Two mosquitos in close-up
Two mosquitos in close-up

New hope in fight to beat Zika virus

A Cambridge company is set to play a major part in helping to produce the world’s first vaccine aimed at stopping the rise of the Zika virus.

Excivion, a company with just two staff, is teaming-up with an American company after receiving a £500,000 grant from the government to help with its work on the vaccine.

Excivion contracts around 30 scientists across the globe and will work with US pharma firm Xenetic Biosciences to deliver the vaccine.

They are working on technology that will increase the strength of the vaccine and put an end to refrigeration storage.

That would allow the drug to be stockpiled in case of a severe outbreak. The race to find a vaccine for the disease has been sparked by the first reported cases of the virus in America.

Peter Laing, CEO of Excivion, said: “Xenetic’s delivery platform provides simultaneously a prime and boost effect with a single shot of vaccine. This remarkable feature is ideal for our purpose, because the Zika vaccine is required to stimulate strong and long-lasting immune responses.

“We are grateful for the generous support and validation of the UK Government who are funding this work via a contract under the Small Business Research Initiative (SBRI) from the UK’s innovation agency, Innovate UK.”
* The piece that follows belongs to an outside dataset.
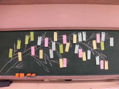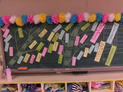 各クラスで、願い事を書いた短冊を後ろの黒板に飾りました。

The funding is part of £10m Department of Health investment with the aim of developing vaccines for infectious diseases and technology.

Excivion’s Chief Executive Peter Laing, who has worked in the sector fo more than two decades, admitted that interest in the jab had sparked research offers from private funding as well.

Scott Maguire, CEO of Xenetic, added: “We are very pleased to be working with Excivion to develop this important vaccine that will be designed to address these serious pandemic diseases that have spread worldwide.

“There is a growing sense of urgency for a solution since the unexpected emergence of Zika in Florida, which now represents a real and immediate threat in the United States.”

The ultimate plan for Excivion is to license the Zika vaccine as early as possible to a mainstream company that could commit to getting it delivered.

Currently, there is no approved drugs or vaccines for Zika, because it has not been widely examined, and while some early research noted that the virus could infect brain cells, the connection between Zika and microcephaly—a severe neurological birth defect, is relatively new.

Even now, many people who get infected will never know it, and if they start showing signs of infection, such as a rash, red eyes, fever or joint pain, doctors have little to offer other than advice to stay hydrated or take Tylenol as needed.

The emergence of Zika in Florida followed on from outbreaks across Brazil.